Are overripe pineapples high fodmap? I ate out, one slice of ovrripe pineapple at. 6 pm, lotsa intestinal activity that night…
Hi Toni,
Right now I don’t have any extra information on overripe pineapple. It is possible that the FODMAP content changes but we won’t know until overripe pineapple is tested in a laboratory. Once your symptoms are settled you could try a small amount of pineapple again and see if you get the same result. That will let you know if it was that food that triggered your symptoms.
You suggest putting them in the fridge, but according to recent testing by Monash, storing them at cold temperatures may increase the FODMAP content of bananas. I found that eating bananas that were fully green when I brought them the day before, sometimes triggered symptoms after keeping them overnight in the fridge too. When they are stored at room temperature, provided they are firm, I am fine.
Hi Alice,
Thanks for commenting. We recommend putting bananas straight into the freezer before they ripen if you want to use them in smoothies or baking. Freezing the banana stops the ripening process completely. Otherwise we suggest you store the bananas at room temperature and eat them before they develop brown spots.
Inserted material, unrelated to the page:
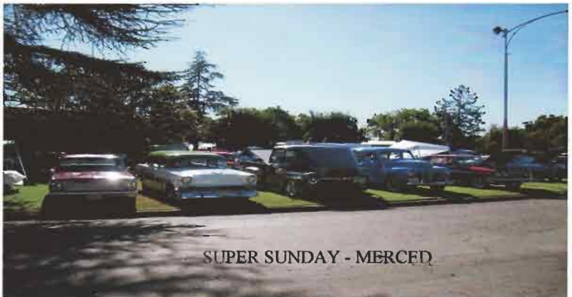
SUPER SUNDAY - MERCED

What I think you are talking about is putting the bananas in the fridge so they ripen slower. The cooler temperate in the fridge will encourage the banana to produce fructans while it continues to slowly ripen. This can increase the FODMAP levels in the banana and might be why you tolerate these bananas less.
So either store your bananas at room temperature and eat them before they develop brown spots. Or pop them straight into the freezer and use the frozen banana to make low FODMAP smoothies or ice cream.